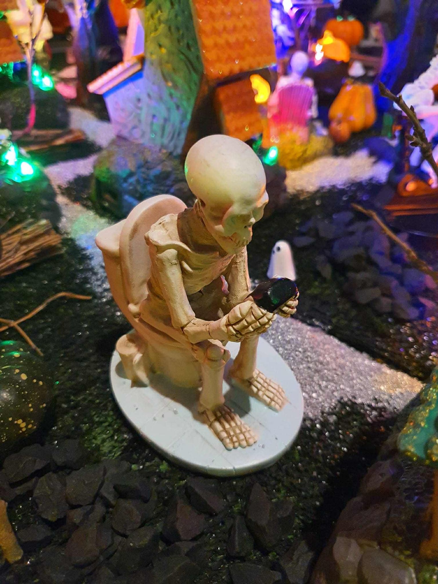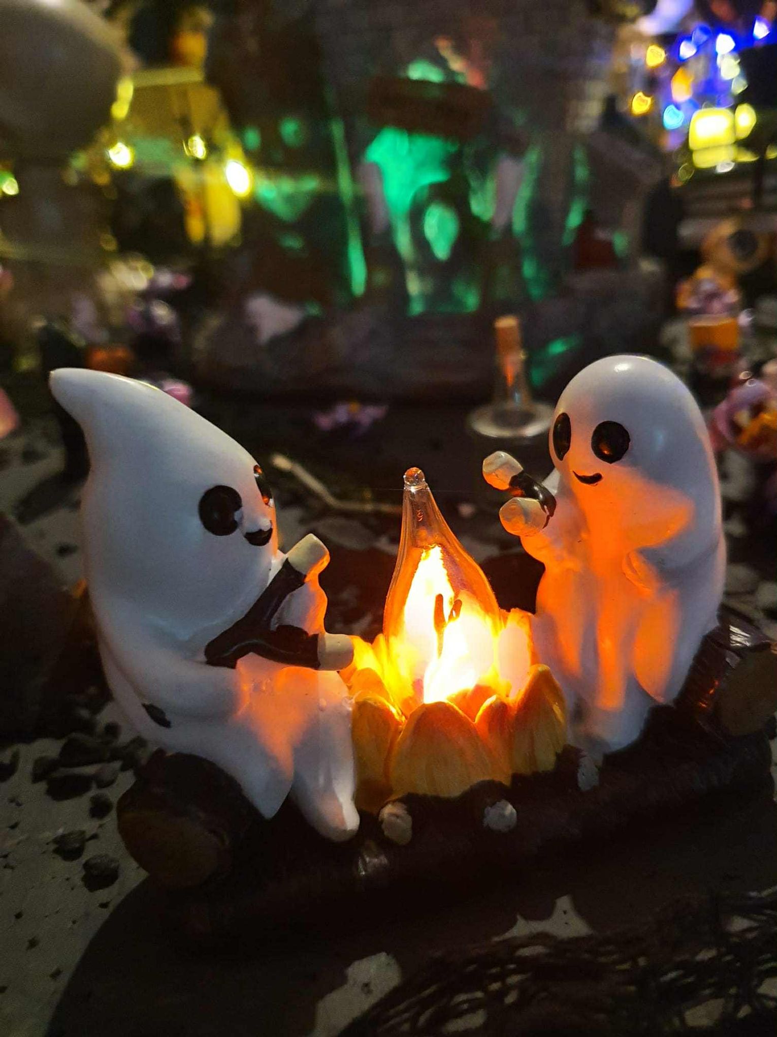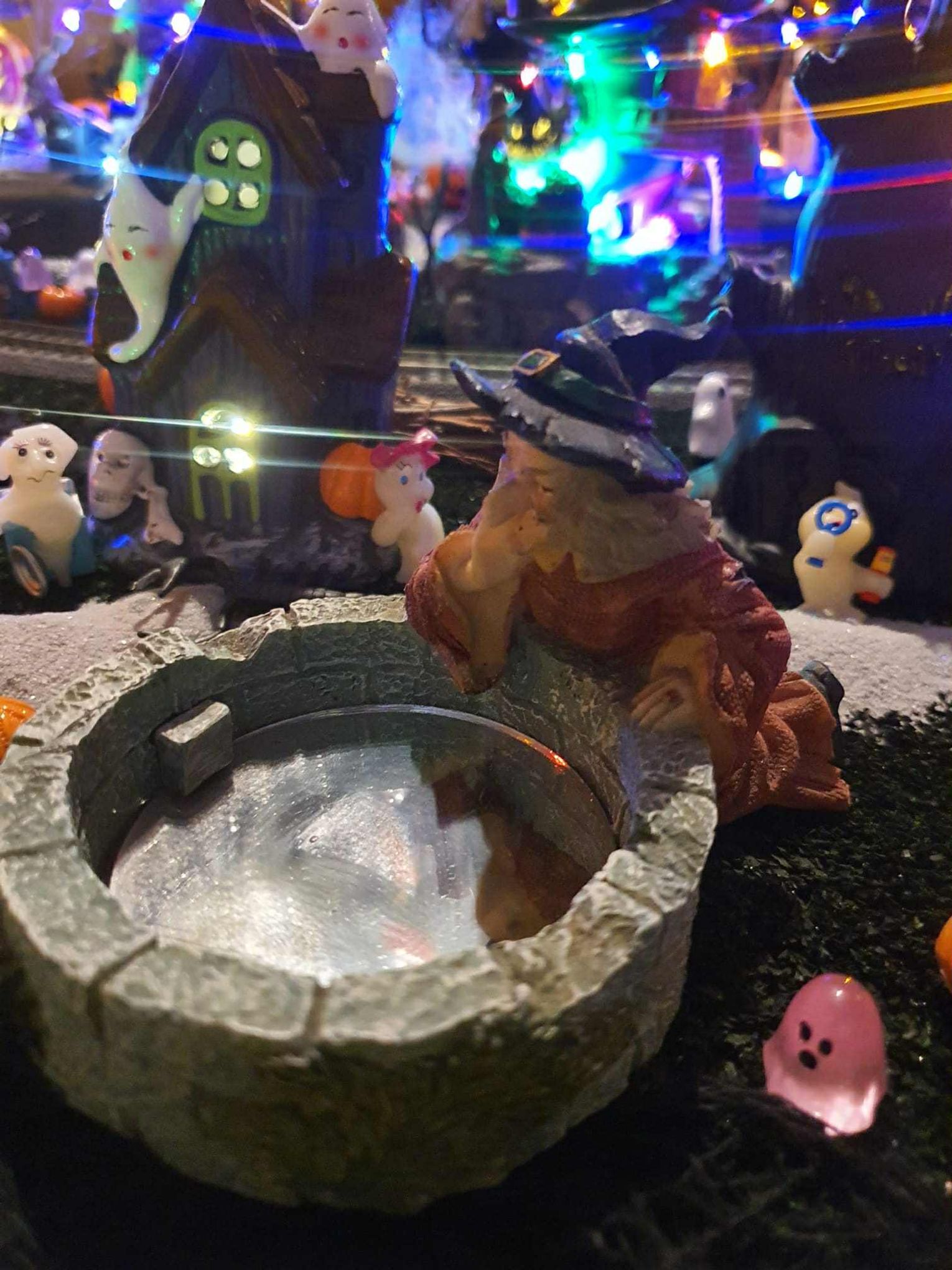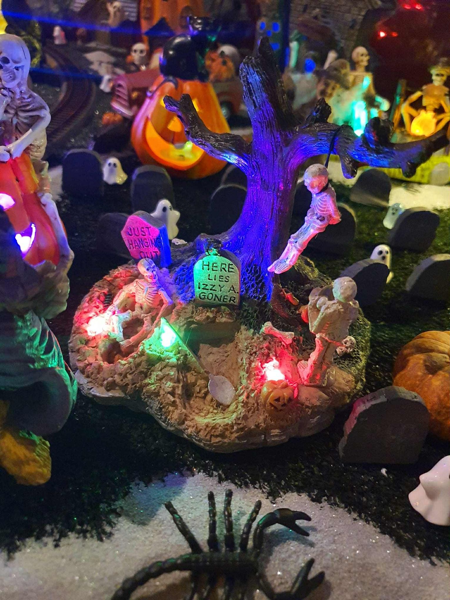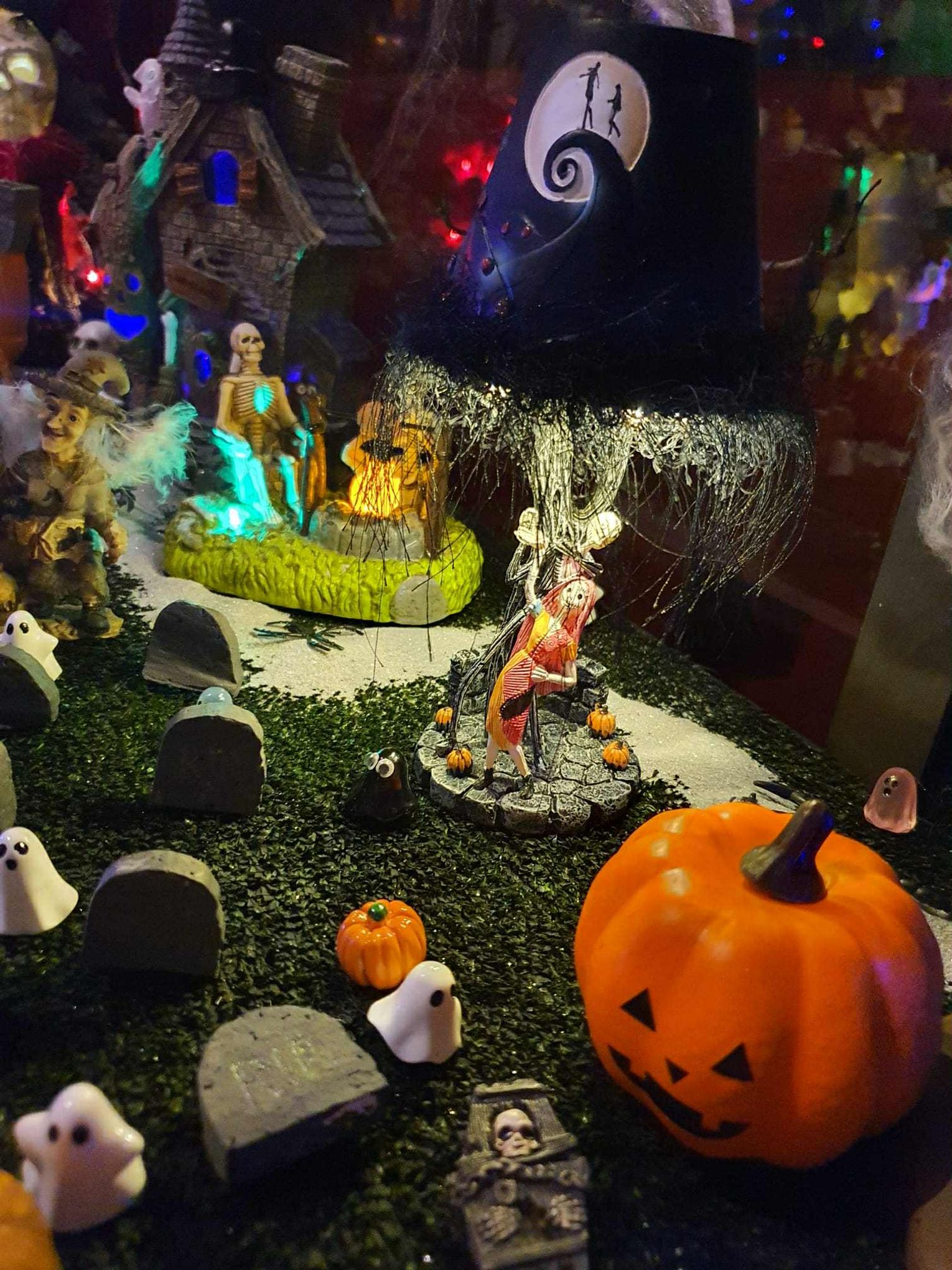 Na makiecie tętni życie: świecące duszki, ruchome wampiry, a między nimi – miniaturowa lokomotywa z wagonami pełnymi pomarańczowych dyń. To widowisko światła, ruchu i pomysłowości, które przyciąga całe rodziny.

+---+

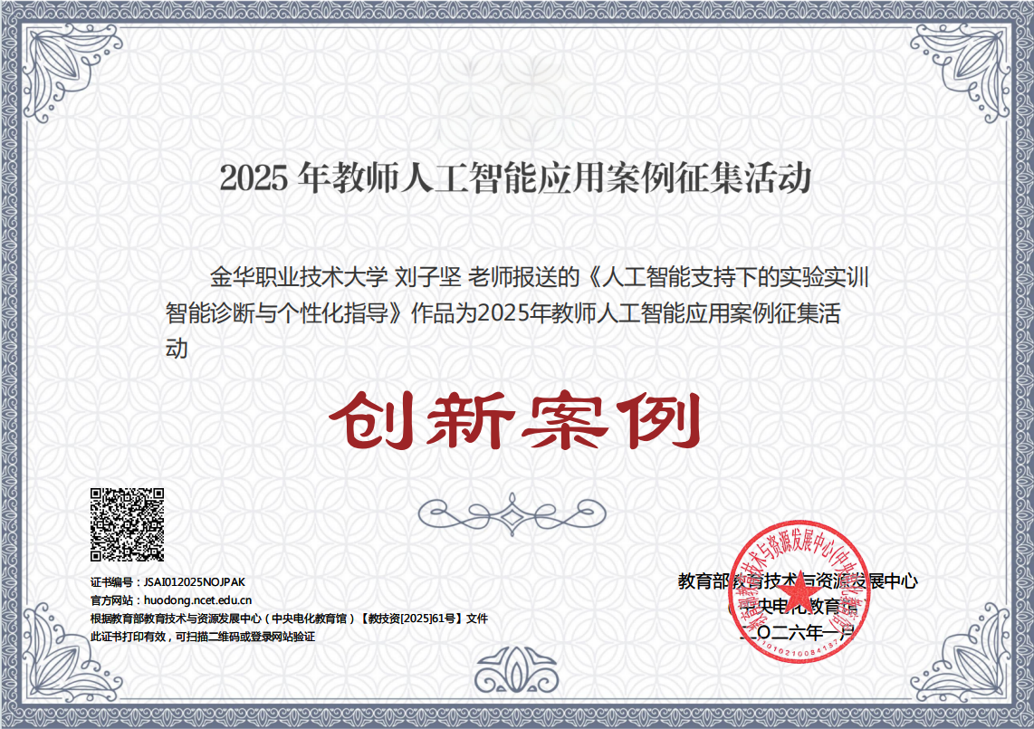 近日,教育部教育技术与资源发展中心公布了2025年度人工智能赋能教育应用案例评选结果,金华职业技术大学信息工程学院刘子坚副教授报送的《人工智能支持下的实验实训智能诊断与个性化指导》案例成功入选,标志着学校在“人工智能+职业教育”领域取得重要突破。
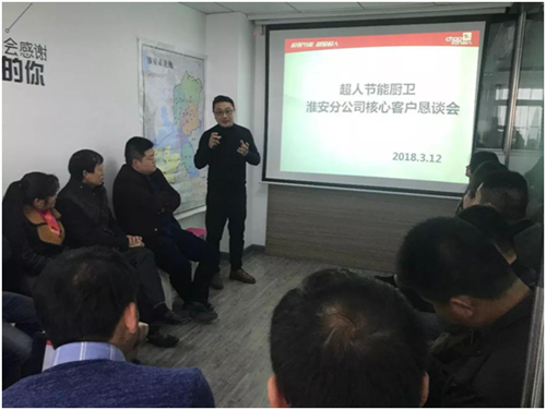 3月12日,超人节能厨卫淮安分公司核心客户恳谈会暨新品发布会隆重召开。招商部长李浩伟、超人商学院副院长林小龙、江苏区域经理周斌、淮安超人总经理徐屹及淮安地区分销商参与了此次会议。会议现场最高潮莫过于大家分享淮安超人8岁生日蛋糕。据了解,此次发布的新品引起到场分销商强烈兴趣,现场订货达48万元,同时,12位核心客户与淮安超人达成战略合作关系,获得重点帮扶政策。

+---+

EXERCISE GOAL: From the material above, reproduce only what runs from the line holding "近日,教育部教育技术与资源发" down to the line holding "3月12日,超人节能厨卫淮安", both included, pictures excluded.

RESULT OF THIS TASK:
 近日,教育部教育技术与资源发展中心公布了2025年度人工智能赋能教育应用案例评选结果,金华职业技术大学信息工程学院刘子坚副教授报送的《人工智能支持下的实验实训智能诊断与个性化指导》案例成功入选,标志着学校在“人工智能+职业教育”领域取得重要突破。
 3月12日,超人节能厨卫淮安分公司核心客户恳谈会暨新品发布会隆重召开。招商部长李浩伟、超人商学院副院长林小龙、江苏区域经理周斌、淮安超人总经理徐屹及淮安地区分销商参与了此次会议。会议现场最高潮莫过于大家分享淮安超人8岁生日蛋糕。据了解,此次发布的新品引起到场分销商强烈兴趣,现场订货达48万元,同时,12位核心客户与淮安超人达成战略合作关系,获得重点帮扶政策。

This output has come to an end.